**** Provided data ****
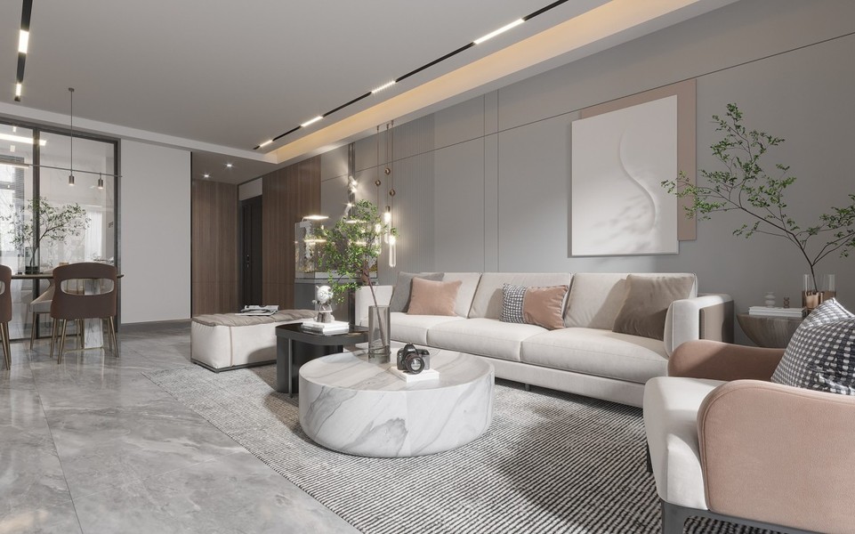 昆明木菲美家4S店:华夏四季3室2厅轻奢风格效果图
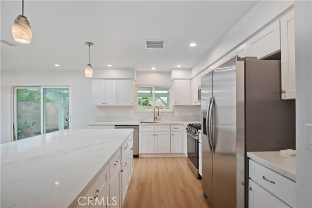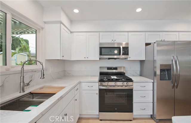 Completely remodeled and move-in ready, this 4-bedroom, 2-bath single-story home delivers modern design, functional space, and an unbeatable location. Situated in a desirable neighborhood with close proximity to the 118 Freeway, shopping, and dining, this property offers both convenience and lifestyle. The open-concept layout is anchored by a stunning new kitchen featuring quartz countertops, a large center island, and abundant cabinetry—ideal for everyday living and entertaining. New vinyl flooring runs throughout, complemented by fresh interior and exterior paint for a clean, contemporary feel. Both bathrooms have been tastefully remodeled with updated finishes. The exterior has been recently landscaped, enhancing curb appeal and outdoor enjoyment. The backyard features inviting patio areas with scenic mountain views—perfect for relaxing or hosting. Opportunities like this move quickly. Schedule a private showing today.
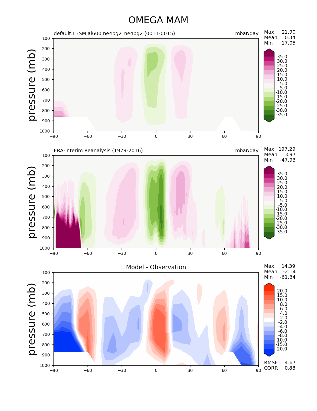 Use this command to recreate this image: | e3sm_diags zonal_mean_2d --no_viewer --case_id 'ERA-Interim' --sets 'zonal_mean_2d' --run_type 'model_vs_obs' --variables 'OMEGA' --seasons 'MAM' --regions 'global' --regrid_tool 'esmf' --regrid_method 'conservative' --plevs '100.0' '115.47819846894582' '133.3521432163324' '153.9926526059492' '177.82794100389228' '205.3525026457146' '237.13737056616552' '273.8419634264361' '316.22776601683796' '365.1741272548377' '421.6965034285823' '486.9675251658631' '562.341325190349' '649.3816315762114' '749.8942093324558' '865.9643233600654' '1000.0' --main_title 'OMEGA MAM' --backend 'mpl' --output_format 'png' --canvas_size_w '1212' --canvas_size_h '1628' --figsize '8.5' '11.0' --dpi '150' --arrows --contour_levels '-35' '-30' '-25' '-20' '-15' '-10' '-5' '5' '10' '15' '20' '25' '30' '35' --test_name 'default.E3SM.ai600.ne4pg2_ne4pg2' --test_colormap 'PiYG_r' --ref_name 'ERA-Interim' --reference_name 'ERA-Interim Reanalysis' --reference_colormap 'PiYG_r' --diff_title 'Model - Observation' --diff_colormap 'diverging_bwr.rgb' --diff_levels '-20' '-15' '-10' '-8' '-6' '-4' '-2' '2' '4' '6' '8' '10' '15' '20' --multiprocessing --num_workers '32' --granulate 'variables' 'seasons' 'regions' --selectors 'sets' 'seasons' --reference_data_path '/global/cfs/cdirs/e3sm/acme_diags/obs_for_e3sm_diags/climatology/' --test_data_path '/global/cfs/cdirs/e3sm/emulate/postproc_e3sm/slice/default.E3SM.ai600.ne4pg2_ne4pg2' --results_dir '/global/cfs/cdirs/e3sm/www/wagmanbe/slice/default.E3SM.ai600.ne4pg2_ne4pg2' |
****
● **What you need to do**
Since the pictures are not wanted, repeat only the rest of the material, exactly as given.

● **Task response**
 昆明木菲美家4S店:华夏四季3室2厅轻奢风格效果图
 Completely remodeled and move-in ready, this 4-bedroom, 2-bath single-story home delivers modern design, functional space, and an unbeatable location. Situated in a desirable neighborhood with close proximity to the 118 Freeway, shopping, and dining, this property offers both convenience and lifestyle. The open-concept layout is anchored by a stunning new kitchen featuring quartz countertops, a large center island, and abundant cabinetry—ideal for everyday living and entertaining. New vinyl flooring runs throughout, complemented by fresh interior and exterior paint for a clean, contemporary feel. Both bathrooms have been tastefully remodeled with updated finishes. The exterior has been recently landscaped, enhancing curb appeal and outdoor enjoyment. The backyard features inviting patio areas with scenic mountain views—perfect for relaxing or hosting. Opportunities like this move quickly. Schedule a private showing today.
 Use this command to recreate this image: | e3sm_diags zonal_mean_2d --no_viewer --case_id 'ERA-Interim' --sets 'zonal_mean_2d' --run_type 'model_vs_obs' --variables 'OMEGA' --seasons 'MAM' --regions 'global' --regrid_tool 'esmf' --regrid_method 'conservative' --plevs '100.0' '115.47819846894582' '133.3521432163324' '153.9926526059492' '177.82794100389228' '205.3525026457146' '237.13737056616552' '273.8419634264361' '316.22776601683796' '365.1741272548377' '421.6965034285823' '486.9675251658631' '562.341325190349' '649.3816315762114' '749.8942093324558' '865.9643233600654' '1000.0' --main_title 'OMEGA MAM' --backend 'mpl' --output_format 'png' --canvas_size_w '1212' --canvas_size_h '1628' --figsize '8.5' '11.0' --dpi '150' --arrows --contour_levels '-35' '-30' '-25' '-20' '-15' '-10' '-5' '5' '10' '15' '20' '25' '30' '35' --test_name 'default.E3SM.ai600.ne4pg2_ne4pg2' --test_colormap 'PiYG_r' --ref_name 'ERA-Interim' --reference_name 'ERA-Interim Reanalysis' --reference_colormap 'PiYG_r' --diff_title 'Model - Observation' --diff_colormap 'diverging_bwr.rgb' --diff_levels '-20' '-15' '-10' '-8' '-6' '-4' '-2' '2' '4' '6' '8' '10' '15' '20' --multiprocessing --num_workers '32' --granulate 'variables' 'seasons' 'regions' --selectors 'sets' 'seasons' --reference_data_path '/global/cfs/cdirs/e3sm/acme_diags/obs_for_e3sm_diags/climatology/' --test_data_path '/global/cfs/cdirs/e3sm/emulate/postproc_e3sm/slice/default.E3SM.ai600.ne4pg2_ne4pg2' --results_dir '/global/cfs/cdirs/e3sm/www/wagmanbe/slice/default.E3SM.ai600.ne4pg2_ne4pg2' |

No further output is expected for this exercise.